Psyché &Cerveau a invité le psychologue clinicien et psychanalyste Paul Verhaeghe (UGent) et l'écrivain Leo Bormans - tous deux auteurs à succès - pour une conversation sur l'amour.
Pendant des siècles, il a été chanté par des poètes et décrit par des philosophes. Mais l'amour est toujours insaisissable et mystérieux. La science ne se concentrait sur l'amour et l'engouement qu'il y a quelques décennies et présente maintenant régulièrement des substances merveilleuses ou des zones cérébrales hyperactives qui semblent être impliquées dans ce pouvoir universel.
À l'autre bout du spectre, la culture populaire, quant à elle, continue de déverser de doux clichés, des manuels prometteurs – souvent nappés d'une sauce pseudoscientifique – et des idéaux insidieux. La science rationnelle et les images superficielles déterminent notre image de l'amour. Mais en attendant, nous oublions qu'il existe de nombreuses autres approches entre ces deux extrêmes.

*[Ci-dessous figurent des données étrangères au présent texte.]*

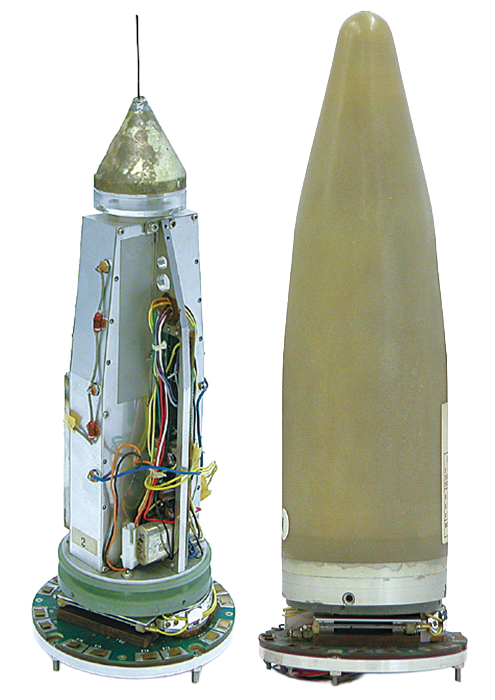 写真は後期に搭載されていたゾンデ部外観と、内部の写真です。

Psychologue clinicien et psychanalyste Paul Verhaeghe est professeur à l'Université de Gand et est connu pour ses lectures contemporaines de Sigmund Freud et du psychanalyste français Jacques Lacan. De plus, il étudie l'influence des tendances sociales, en particulier l'idéologie néolibérale, sur notre psychisme. Il le fait dans son livre le plus récent Identity (2012), mais il est également présenté dans la version retravaillée de son best-seller, L'amour au temps de la solitude (2010).

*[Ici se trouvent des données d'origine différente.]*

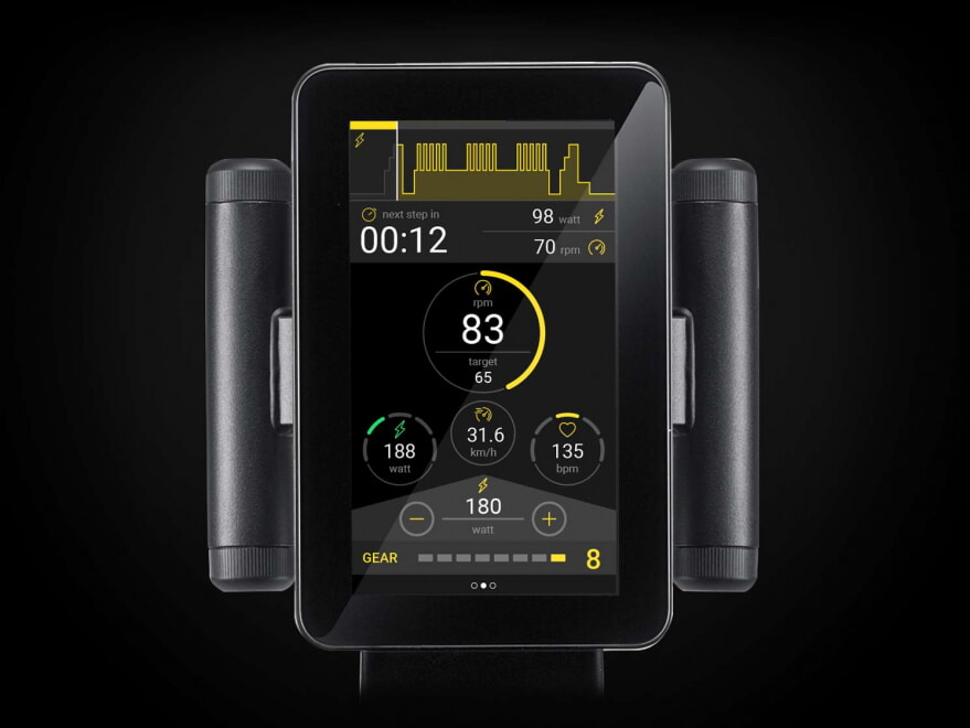 Верный союзник любого велогонщика на самом выматывающем подъеме. Переключая передачи, спортсмены меняют сопротивление для поддержания мощности и темпа и достигают максимальной эффективности. Консоль отображает выбранную передачу и передаточное число в режиме реального времени.

L'écrivain et inspirateur Leo Bormans a déjà trouvé une résonance mondiale avec The World Book of Happiness et a récemment travaillé sur The World Book of Love (2013) éteint. Dans ce document, il a 100 experts de 50 pays écrivent leur vision de l'amour en 1000 mots. Non seulement des connaisseurs des États-Unis ou d'Europe de l'Ouest donnent leur avis, mais aussi des spécialistes d'Europe de l'Est, du Mexique, d'Afrique du Sud, du Liban, d'Inde, de Chine, du Népal ou du Japon. Et cela se traduit par une palette richement variée.
Avons-nous besoin d'un nouveau livre sur l'amour ?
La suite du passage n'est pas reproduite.